Acompany without a well-developed business plan is likely headed for failure. Even if the business owner doesn’t fail, the lack of a plan
can lead to issues such as less customer
traffic and lower profits.
Therefore, anybody who is planning a
business must be prepared to spend a
fair amount of time writing, implementing and monitoring a business plan.
There are no shortcuts to business planning or to business success. Writing a
business plan requires a lot of research
and a great amount of due diligence. A
solid business plan is the foundation of
a successful business — and may
require more work at the onset than
actually running a company does.
Smart Business spoke with James P.
Sacher, CPA, a partner with Skoda
Minotti, to learn more about the importance of business plans, what to
include in them and how they contribute to a business’s bottom line,
regardless of how it is structured.
Is there a correlation between the form of
a business and the need for a business
plan?
No. Every business is going to be a little bit different, whether it is a sole proprietorship, an S-Corp., or an LLC. But
that does not mitigate the need for a
business plan. The form of the business
is just one small aspect of the business
plan, but a big consideration. Regardless, the way the business is set up
from the beginning will have implications going forward.

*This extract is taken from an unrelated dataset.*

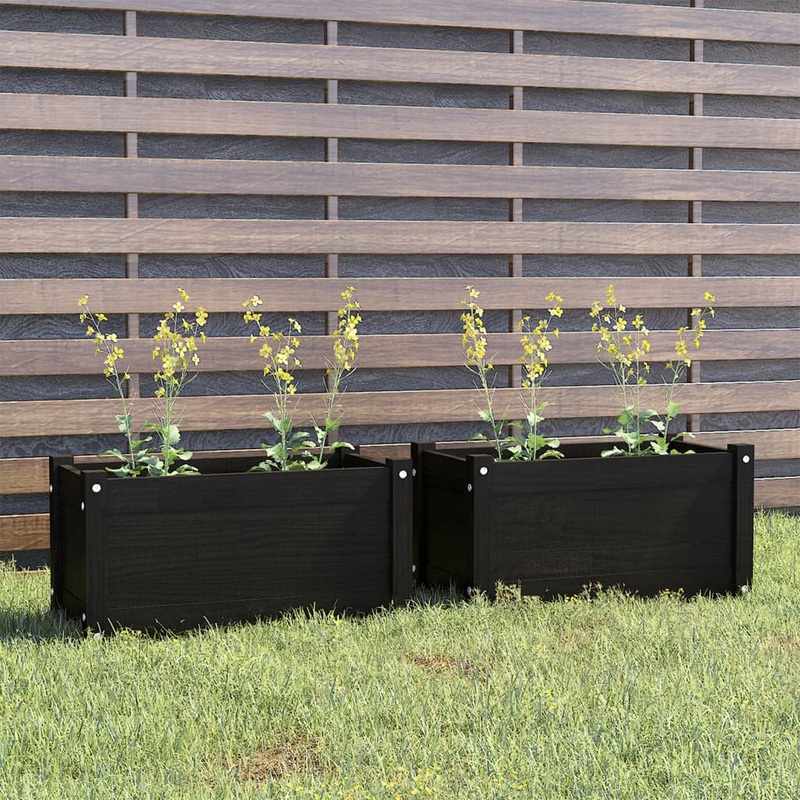 Berkfield Garden Planters 2 pcs Black 60x31x31 cm Solid Pinewood

Should business owners develop their
own business plans?
Yes, whenever possible. Primarily
because, no one knows their businesses
as well as owners do. If owners cannot
articulate what they are going to do and
how they are going to do it, nobody else
can do it for them. Second, developing a
business plan forces owners to really
think about how they are going to run
their companies. They have to consider
what services they are going to offer, whether they will expand them at some
point, how many employees they are
going to need, how much space will be
necessary, etc. If the owners do not
write the plans themselves, they will
miss a lot of those details. Once the
plan is done, the owner can run it past
other people who will be able to point
out what might be missing.
Do the components of a business plan
change from company to company?
The fundamentals don’t. Even though
there is no formula for writing a business plan, the owners always need to be
able to identify fundamentals like products and services, pricing methodologies, their competition, differences
between their products and services
and why they are better than their competitors’ offerings, marketing strategies, financial details, organization
charts and mission statements. However, the details of the individual plans
may change a bit. There may be things
added or taken away, depending on the
type of business. But, for the most part,
there is a core list of considerations
that are a part of every business plan.
Should business owners monitor their
business plans occasionally?
Yes, especially with the financial sections of the plan. The writers of the
plan probably know the details about
the products, services and competition,
etc. They know what they are going to
sell and how they are going to make
their money. The financial sections
drive a lot of decisions regarding the
timing of projected revenues, the variable and fixed expenses, hiring plans,
the need for equipment and space, and
so forth. The financial forecast part of
the business plan often turns into the
owners’ budgets.
The owners find themselves in the
position where they are able to measure their businesses’ outcomes against
their budgets. They have goals and
objectives and targets they laid out in
their business plans, and the results of
those plans are going to be demonstrated in their financial results. The comparison allows business owners to
compare financial results against what
is budgeted. And they will know how
well they are doing and if and where
they have to make changes.
Can changes be made to a business plan?
Yes. The plan has to be firm when the
business starts off, but owners have to
be nimble enough to change when necessary. They don’t have a crystal ball,
and they don’t know exactly how things
are going to go with the business. For
example, it might take longer to get a
product to market than the owner originally predicted. That may stimulate
changes in the financing or hiring parts
of the business plan. Or, things might be
going better than the owner could have
predicted, so changes in the plan have
to be made to accommodate that, as
well. Business plans can be changed as
the situation dictates, but they cannot
be changed unless they are in place to
begin with.
JAMES P. SACHER, CPA, is a partner with Skoda Minotti. Reach him at (440) 449-6800 or [email protected].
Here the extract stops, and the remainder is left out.